Recorded data:
□ □ □ □ □ □ □
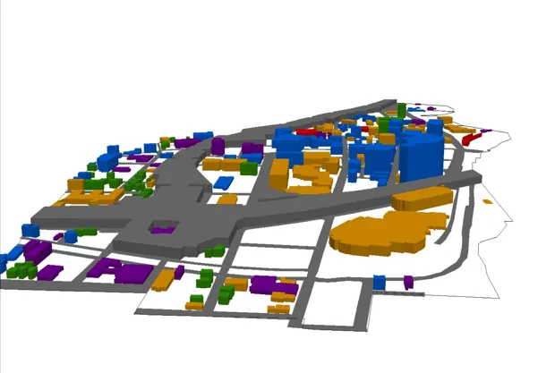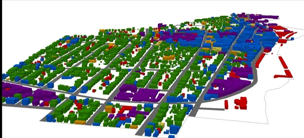 举一个例子,几年前我的一位学生,Kristin Floberg,研究了旧的火灾保险地图,以清点康涅狄格州布里奇波特市的每一座建筑,然后制作了一张显示1913年城市样貌的3D地图,在它被“工程化”以解决交通拥堵之前。然后她将其与现代城市的土地使用模式进行了比较。(绿色建筑为住宅,蓝色为商业,紫色为工业,红色为交通存储,橙色为免税的市政建筑;道路和高速公路为灰色。)
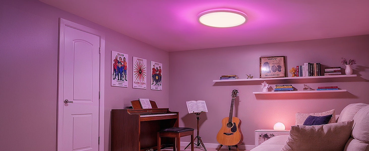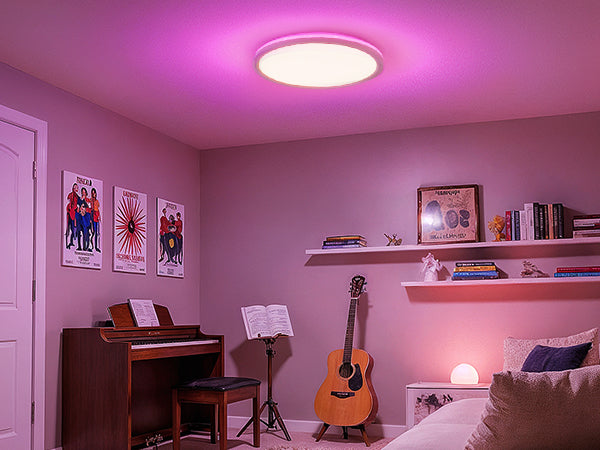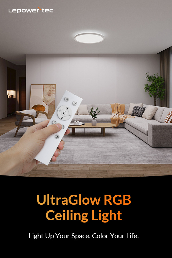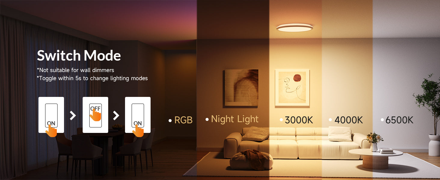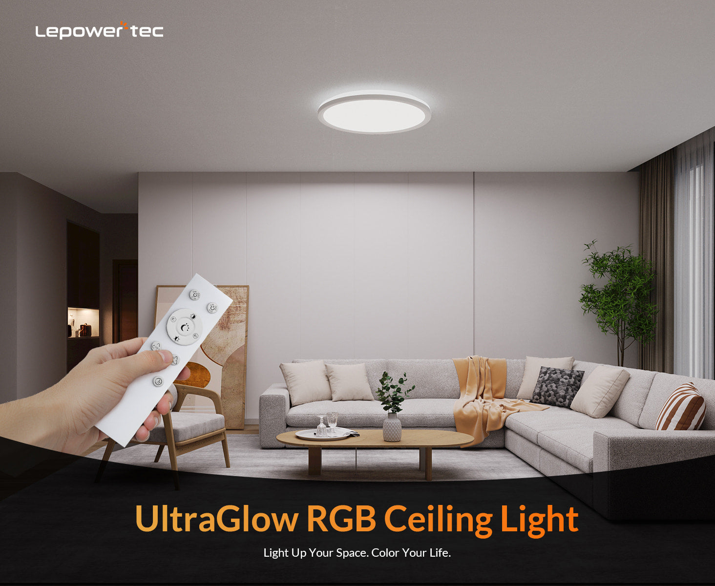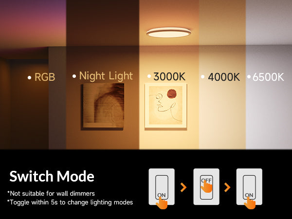 Equipped with 252 high-efficiency LED beads, it delivers up to 2600 lumens of brilliant white light, equivalent to the brightness of two 150W incandescents-while reducing energy consumption by up to 92%. Feature an even, flicker-free lighting design to protect your eyes, ideal for daily use, reading and office work. Comes with a night light mode and convenient auto-off timer (choose 60 seconds or 60 minutes) to create a cozy, sleep-friendly atmosphere. - 7-Color RGB Dimmable Ceiling Light
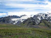 There is a famous hike in this part of Iceland called Laugavegurinn. It runs from a place called Porsmork (actually spelled ÞORSMÖRK and pronounced thorsmork) in the south to a place called Landmannalaugar in the north. It seems to be about 55km in length and generally takes a 4-5 days to walk. Well after the zodiac tour affair we set off to find the southern end of this hike which was reported in the guide book as a little forested oasis in a landscape that is otherwise pretty much bare alpine. What the guide book did not tell us was that the "road" to this place was barely graded river bed and numerous river crossings. So to get to this fabled place we bumped and squeaked along for a couple of hours regularly being overtaken by the now common place Icelandic off road vehicles with huge tires. We even saw one Ford van converted to 6x6. However the weather gods were good to us and we had a sunny afternoon with spectacular views of the mountains and glaciers.
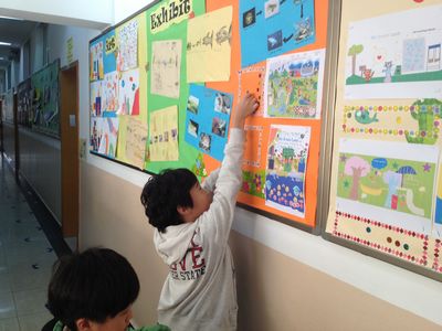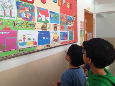 The third graders made some wonderful pictures during IT class. The topic was My Dream Land. They expressed their idea by imaginary. The best pieces of work were shown in the hall way. They voted for the best work and put a sticker below it. Next week we would know who got the first place.
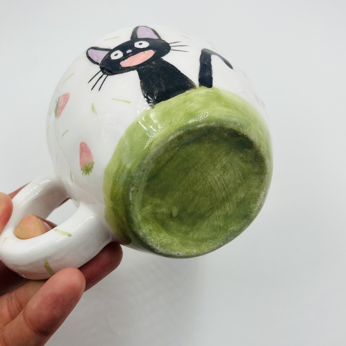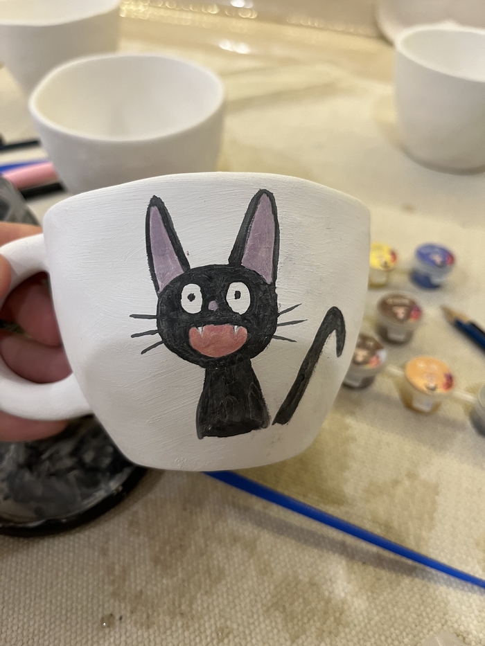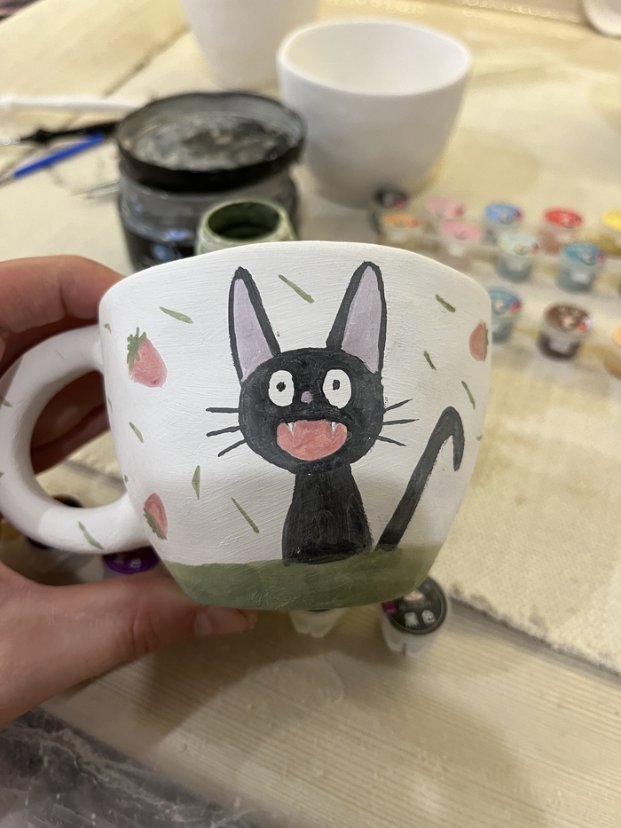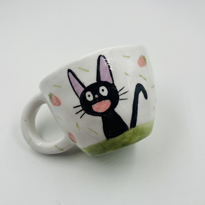 Привет! Я Света и я художник-керамист. Ещё я большая поклонница Хаяо Миядзаки и регулярно обращаюсь к его волшебным фильмам. Захотелось мне давеча сделать что-то типа "картины маслом" на кружке. То есть я буквально хотела воспроизвести эффект масляной живописи, чтобы вроде как картина на холсте. Процесс оказался сложнее, чем я ожидала: обожжённый черепок очень отличается по текстуре от холста, а пигменты от любой из привычных красок, будь то акварель, акрил или масло, ощущение непослушности материалов. Чтобы получились выраженные "мазки", я наносила пигменты в несколько слоев, и (на фото этого не увидеть), но рисунок вышел немножко объемный, его можно пощупать)
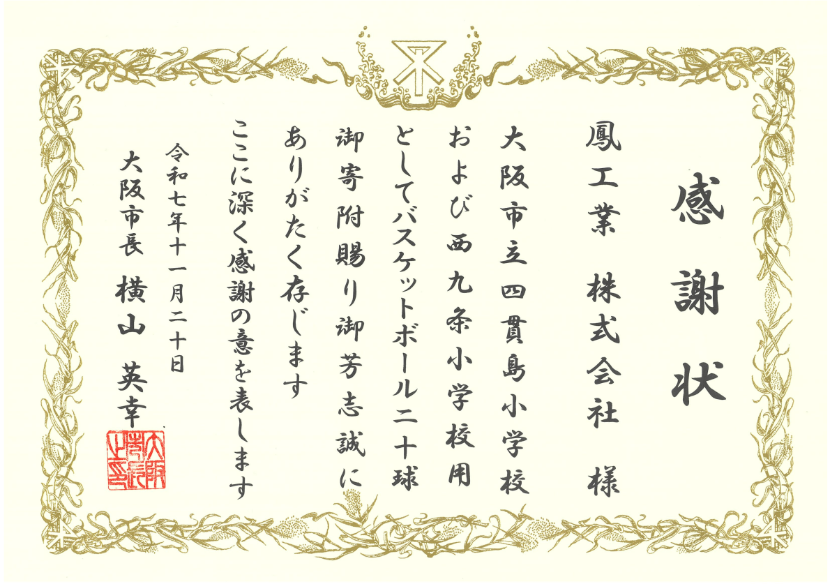 2026.03.16 サステナビリティ 横山大阪市長より感謝状をいただきました このたび、大阪市立四貫島小学校および西九条小学校へのバスケットボール寄附につき、横山大阪市長より感謝状を賜りました。 今後も社会貢献活動を通じて地域の活性化に努めてまいります。 前の記事 一覧へ お知らせ NEWS カテゴリ お知らせその他イベント採用情報社内行事サステナビリティ 年度別 2026 2025 2024 2023 2022
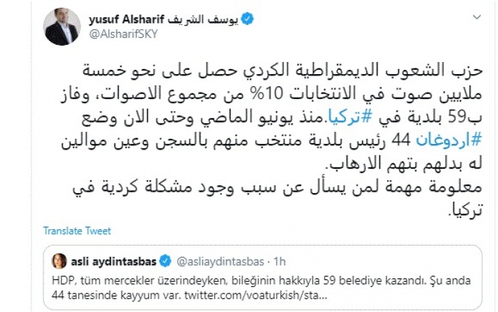 وقال في تغريدة عبر "تويتر" رصدها "المشهد العربي": "حزب الشعوب الديمقراطية الكردي حصل على نحو خمسة ملايين صوت في الانتخابات 10% من مجموع الأصوات، وفاز بـ59 بلدية في تركيا".
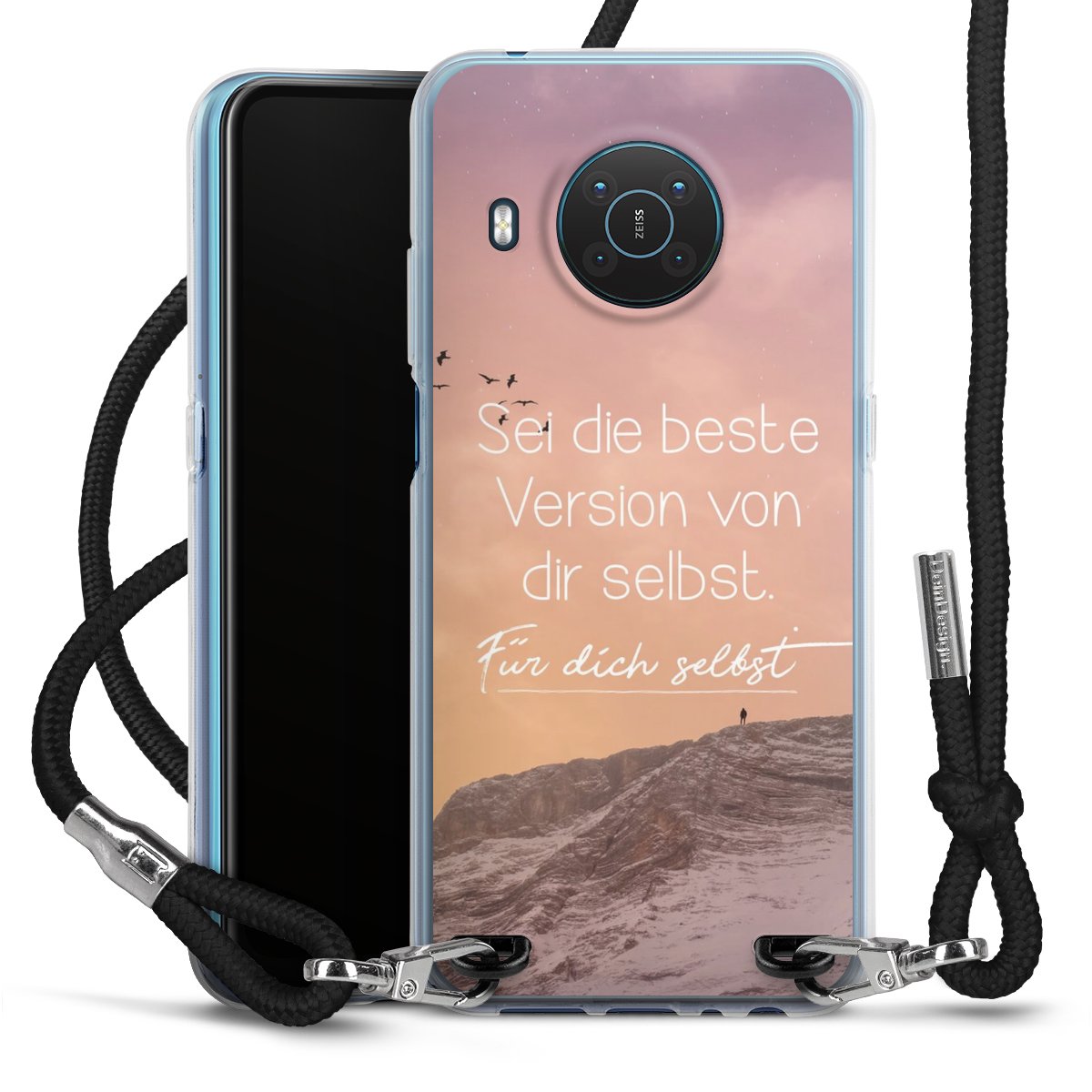 Bei dieser Handyhülle nutzen wir das solide Direktdruck-Verfahren, weshalb der Druckbereich ausschließlich die Rückseite umfasst und der Rand hingegen unbedruckt bleibt. Das Case zum Umhängen kann sowohl unbedruckt, als auch vollflächig oder partiell bedruckt bestellt werden. Wähle für Dein Design entweder eines unserer exklusiven Shop-Motive, oder werde kreativ und gestalte Dein Wunschdesign zum Beispiel mit Fotos und Overlays selbst. Designe Dir Dein persönliches Trend-Accessoire und setze ein individuelles Statement auf den Straßen!
□ □ □ □ □ □ □
▶ WORK REQUEST
Using the data above, set down each line from the line with "Привет! Я Света" to the line with "2026.03.16 サステナビリティ 横山大阪市長より感謝状をいただきました" exactly, both ends included, and leave the pictures behind. Nothing else belongs.

▶ SOLUTION FOR THIS PROBLEM
 Привет! Я Света и я художник-керамист. Ещё я большая поклонница Хаяо Миядзаки и регулярно обращаюсь к его волшебным фильмам. Захотелось мне давеча сделать что-то типа "картины маслом" на кружке. То есть я буквально хотела воспроизвести эффект масляной живописи, чтобы вроде как картина на холсте. Процесс оказался сложнее, чем я ожидала: обожжённый черепок очень отличается по текстуре от холста, а пигменты от любой из привычных красок, будь то акварель, акрил или масло, ощущение непослушности материалов. Чтобы получились выраженные "мазки", я наносила пигменты в несколько слоев, и (на фото этого не увидеть), но рисунок вышел немножко объемный, его можно пощупать)
 2026.03.16 サステナビリティ 横山大阪市長より感謝状をいただきました このたび、大阪市立四貫島小学校および西九条小学校へのバスケットボール寄附につき、横山大阪市長より感謝状を賜りました。 今後も社会貢献活動を通じて地域の活性化に努めてまいります。 前の記事 一覧へ お知らせ NEWS カテゴリ お知らせその他イベント採用情報社内行事サステナビリティ 年度別 2026 2025 2024 2023 2022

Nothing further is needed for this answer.